Before Rosanna could protest, she walked to the library door and opened it. Mrs. Leeds and Max Laponi were sitting at the desk, examining some document which was spread out before them. As Penny came in, Laponi whisked it into his pocket.
“Oh, I beg your pardon,” Penny said casually. “I didn’t mean to interrupt.”
“You aren’t at all, my dear,” Mrs.
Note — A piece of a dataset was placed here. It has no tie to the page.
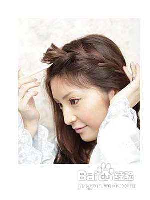 接下来的是关键哦,用发梳在前额发辫处微微抽出些许发丝,这样从正面和侧面就能明显的看出自然蓬松的效果。

Leeds said more graciously than was her custom. “Mr. Laponi was just showing me a letter from his sister.”
“Yes, from my sister,” Laponi echoed with a slight smirk. “She lives in Naples and writes such interesting letters.”
Penny found it difficult to refrain from smiling. She pretended to search in the bookcase for a volume.
“I thought possibly you had discovered the will,” she remarked mischievously.
“The will! Oh, no!” Mrs. Leeds assured her.
“That is a good joke,” Laponi echoed. “Ha! Ha! Even a ferret couldn’t find old Jacob Winters’ will in this house!”
Penny was aware that both Mrs. Leeds and Max Laponi were watching her shrewdly, trying to make up their minds if she had overheard anything. She dared say no more lest she betray herself. Picking up a book she quietly withdrew.
“It’s just as I thought,” she told Rosanna when they were together in their bedroom. “Laponi is trying to get Mrs. Leeds involved in some scheme to steal the property. Unless we watch out, Rosanna, they’ll get everything away from you.”